LLMs can live in the cloud, but all tools need to be (1) local, and (2) containerized. It's clear to me that just willy-nilly "running stuff" is going to blow things up eventually. Maybe folks don't know this, but even Codex installs random binaries on your PC. "Read this PDF" installs a pdf reader executable. Is it vetted? Where's it from? Is it a virus? Who knows, who cares. Model goes brrrr.
I'm working on a project that includes WASI containerization for local LLM workflows (which is a pretty tough problem), and I'm flabbergasted that Anthropic and OpenAI aren't more worried about these attack vectors. It feels like amateur hour.
> I'm flabbergasted that Anthropic and OpenAI aren't more worried about these attack vectors. It feels like amateur hour
I share your concern but it's not a correct characterisation to say they are not taking it seriously:
https://www.anthropic.com/engineering/how-we-contain-claude
My concern is people aren't even addressing this at the right level. People are currently thinking at the level of "how do I build a VM to contain this one agent" when this is actually a "design a whole new OS" level problem.
I share your worries.
Unfortunately, this may be akin to the situation of "The market can stay irrational longer than you can stay solvent."
Does containerization help much here?
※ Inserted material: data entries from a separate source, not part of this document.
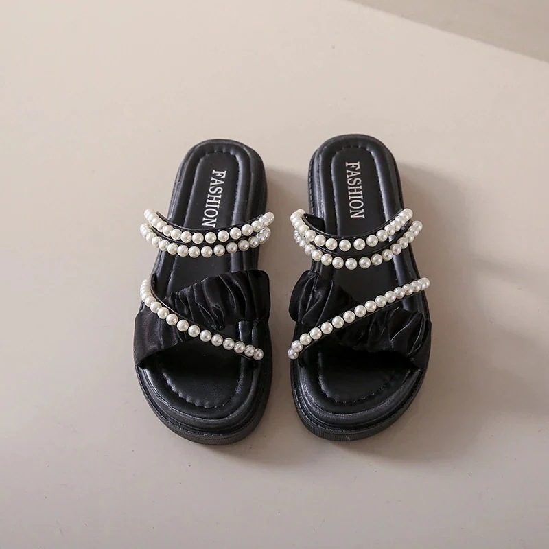 【 迅速な出荷 】厚底サンダルビーチサンダル 母の日 韓国 ファッション 美脚 パール サンダル レディース シューズ 靴 疲れない フラットリボンサンダル
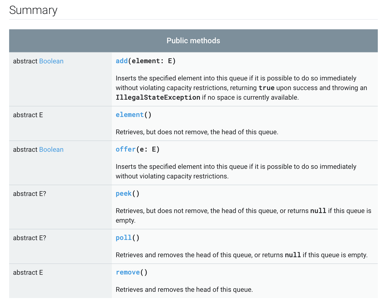 https://developer.android.com/reference/kotlin/java/util/Queue
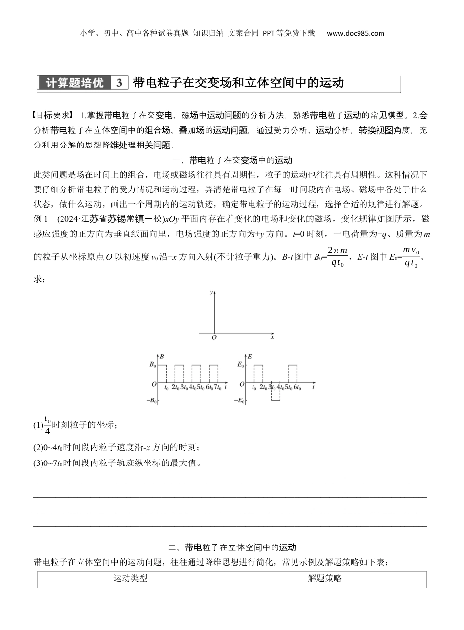小学、初中、高中各种试卷真题知识归纳文案合同PPT等免费下载www.doc985.com带电粒子在交变场和立体空间中的运动目要求标1.掌握粒子在交、磁中的分析方法,熟悉粒子的常模型。带电变电场运动问题带电运动见2.会分析粒子在立体空中的合、加的,通受力分析、分析,角度,充带电间组场叠场运动问题过运动转换视图分利用分解的思想降理相。维处关问题一、粒子在交中的带电变场运动此类问题是场在时间上的组合,电场或磁场往往具有周期性,粒子的运动也往往具有周期性。这种情况下要仔细分析带电粒子的受力情况和运动过程,弄清楚带电粒子在每一时间段内在电场、磁场中各处于什么状态,做什么运动,画出一个周期内的运动轨迹,确定带电粒子的运动过程,选择合适的规律进行解题。例1(2024·江省常一模苏苏锡镇)xOy平面内存在着变化的电场和变化的磁场,变化规律如图所示,磁感应强度的正方向为垂直纸面向里,电场强度的正方向为+y方向。t=0时刻,一电荷量为+q、质量为m的粒子从坐标原点O以初速度v0沿+x方向入射(不计粒子重力)。B-t图中B0=2πmqt0,E-t图中E0=mv0qt0。求:(1)t04时刻粒子的坐标;(2)0~4t0时间段内粒子速度沿-x方向的时刻;(3)0~7t0时间段内粒子轨迹纵坐标的最大值。____________________________________________________________________________________________________________________________________________________________________________________________________________________________________________________________________________________________________________________________________________________________________二、粒子在立体空中的带电间运动带电粒子在立体空间中的运动问题,往往通过降维思想进行简化,常见示例及解题策略如下表:运动类型解题策略小学、初中、高中各种试卷真题知识归纳文案合同PPT等免费下载www.doc985.com在三维坐标系中运动,每个轴方向都是常见运动模型将粒子的运动分解为三个方向的运动一维加一面,如旋进运动旋进运动将粒子的运动分解为一个轴方向的匀速直线运动或匀变速直线运动和垂直该轴所在面内的圆周运动运动所在平面切换,粒子进入下一区域偏转后曲线不在原来的平面内把粒子运动所在的面隔离出来,转换视图角度,把立体图转化为平面图,分析粒子在每个面的运动例2(2024·福建三明市一模)如图所示,在O-xyz三维坐标系中,y>0空间一侧有沿y轴负方向的匀强电场,y<0空间一侧有沿y轴负方向的匀强磁场。一带正电粒子以速度v0从x轴上的A点(-d,0,0)处在xOy平面内沿与x轴正方向成37°角射入电场中,已知粒子质量为m,电荷量为q,粒子恰好经过O点,磁感应强度大小为B=mv0qd,sin37°=0.6,cos37°=0.8,粒子的重力忽略不计,求:(1)匀强电场的电场强度E;(2)粒子射入电场开始计时,第n次经过y轴的时刻。____________________________________________________________________________________________________________________________________________________________________________________________________________________________________________________________________________________________________________________________________________________________________例3(2024·湖南卷·14)如图,有一内半径为2r、长为L的圆筒,左右端面圆心O'、O处各开有一小孔。以O为坐标原点,取O'O方向为x轴正方向建立xyz坐标系。在筒内x≤0区域有一匀强磁场,磁感应强度大小为B,方向沿x轴正方向;筒外x≥0区域有一匀强电场,场强大小为E,方向沿y轴正方向。一电子枪在O'处向圆筒内多个方向发射电子,电子初速度方向均在xOy平面内,且在x轴正方向的分速度大小均为v0。已知电子的质量为m、电量为e,设电子始终未与筒壁碰撞,不计电子之间的相互作用及电子的重力。(1)若所有电子均能经过O进入电场,求磁感应强度B的最小值;小学、初中、高中各种试卷真题知识归纳文案合同PPT等免费下载www.doc985.com(2)取(1)问中最小的磁感应强度B,若进入磁场中电子的速度方向与x轴正方向最大夹角为θ,求tanθ的绝对值...

If it's a code tool then presumably it needs access to your code files (read / write). Maybe there are use cases for it of course.
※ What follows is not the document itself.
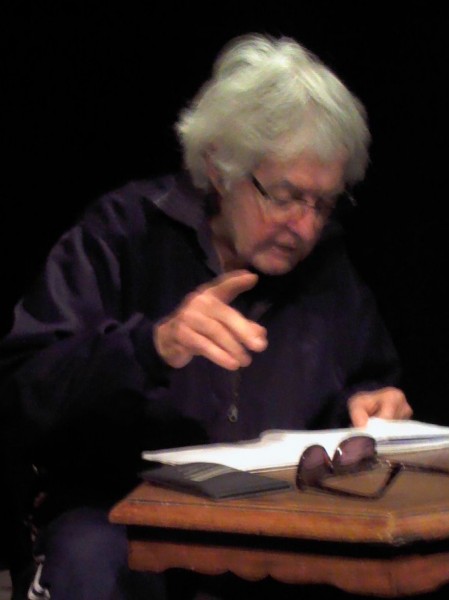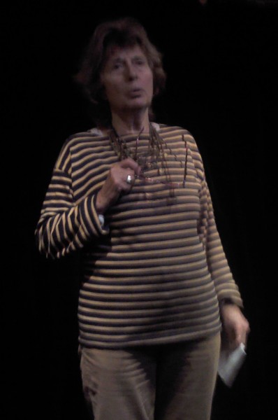 Michèle LASSIAZ ouvre la soirée et fait les premières constatations. Bien que tout soit calme pour l’instant, elle annonce l’arrivée du vent, du vent de sable. Elle n’a pas de sable sous les pieds mais elle se voit marcher en plein désert, quelque part, entre le Tassili n’ Ajjer et le Tassili du Hoggar. Puis, elle monte sur le dos de petits chameaux, croise une femme en bleu, lui demande la direction de Tamanrasset. Elle évoque l’image du père De Foucault, qui, lui, traversait le désert les yeux fermés, sous le regard des femmes berbères.
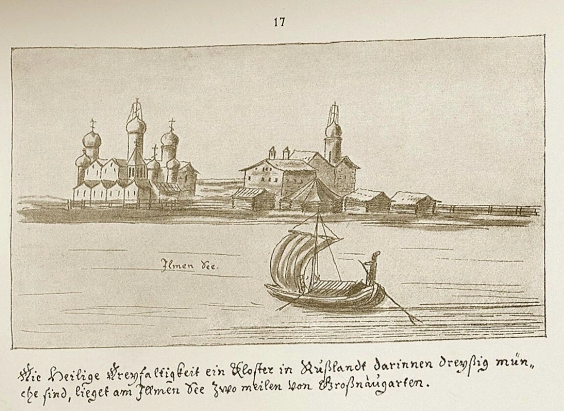 Немецкоязычная надпись в нижней части гравюры сообщает: "Die Heilige Dreyfaltigkeit ein Kloster in Rußlandt darinnen dreyßig mun, che sind, lieget am Ilmen dee zwo meilen von Großnäugarten", что переводится как "Монастырь Святой Троицы в России, в котором тридцать монахов, находится на озере Ильмень в двух милях от Великого Новгорода". Данная надпись указывает на международное признание русских православных обителей в Европе XVII века.

Got a link to your project? I'm working on something that could make use of something like this.
>"Read this PDF" installs a pdf reader executable.
How does this work regarding Macos notarization btw?
They’ll all be offering to run from the cloud with the next 3-4 months.
> I'm flabbergasted that Anthropic and OpenAI aren't more worried about these attack vectors
They are well aware of the issues and there is no fix for it. But there is too much money riding on this...
> I'm working on a project that includes WASI containerization for local LLM workflows
I am working on something similar. If you are open to connecting, what would be a good email to catch with you on?
> I'm flabbergasted that Anthropic and OpenAI aren't more worried about these attack vectors. It feels like amateur hour.
"Move fast. Break things." on steroids.
> I'm flabbergasted that Anthropic and OpenAI aren't more worried about these attack vectors
Yep. We tricked them both trivially with malicious fonts in Docx files. Documented it here: https://tritium.legal/blog/noroboto
I wonder if prompt injection (and the thousands of vectors for hiding injection attempts) is actually un solvable. Discussing it may be existential to the business model.